Create a virtual environment using "conda":

conda create --name tomcat-database python=3.9

Activate the "tomcat-database" environment:

conda activate tomcat-database

Prerequisites

Before building the datasette interface or populating the dataset, some dependencies need to be installed. Run the following command to do so.

pip install -r requirements.txt

Datasette interface

The following make commands can be used to perform different operations on the datasette interface.

create_datasette: creates a Docker image for Datasette with plugins.
launch_datasette: launches the datasette Docker image.

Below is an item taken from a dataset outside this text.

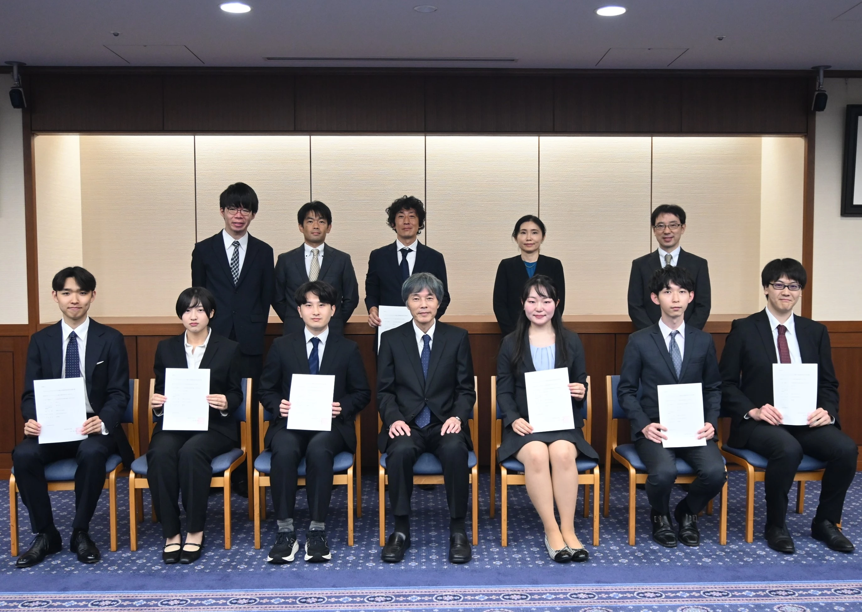 2025年8月8日(金)にМ&Dタワー26階特別会議室にて2025年度クリニシャン・サイエンティスト養成支援制度採用決定通知書交付式が行われ、クリニシャン・サイエンティストとして採用された7名の大学院生へ古川哲史執行役副学長(研究・産学官連携担当)より採用決定通知書が交付されました。

Populating the ToMCAT database

The tomcat dataset is in a Postgres cluster that lives in /space/paulosoares/postgres. A series of make commands can be used to perform different operations on this dataset. The commands run by default in development mode, which uses an sqlite database created under /space/USER/tomcat/.dev. To modify the Postgres database, the commands need to be executed in production mode, which can be done by adding the following before each command:

working_env=production db_pass=<user_postgres_pass>

Your user must have permission to modify the Postgres database in production mode.

Commands

clear_db: [WARNING] drops the tables in the ToMCAT database. It must only be called if one really wants a fresh copy.
create_tables: creates new tables and indices. If a table already exists, it won't be changed.
update_raw: Adds new raw data to the relevant tables. This can be called to update the database with new experiment data. It will skip experiments already processed.
sync_raw: Filters and synchronizes fNIRS and EEG signals with a main clock with frequency 200Hz that starts 1 minute before the rest_state task and ends 1 minute after end of the last minecraft trial. Synchronized signals are saved to the fnirs_sync and eeg_sync tables.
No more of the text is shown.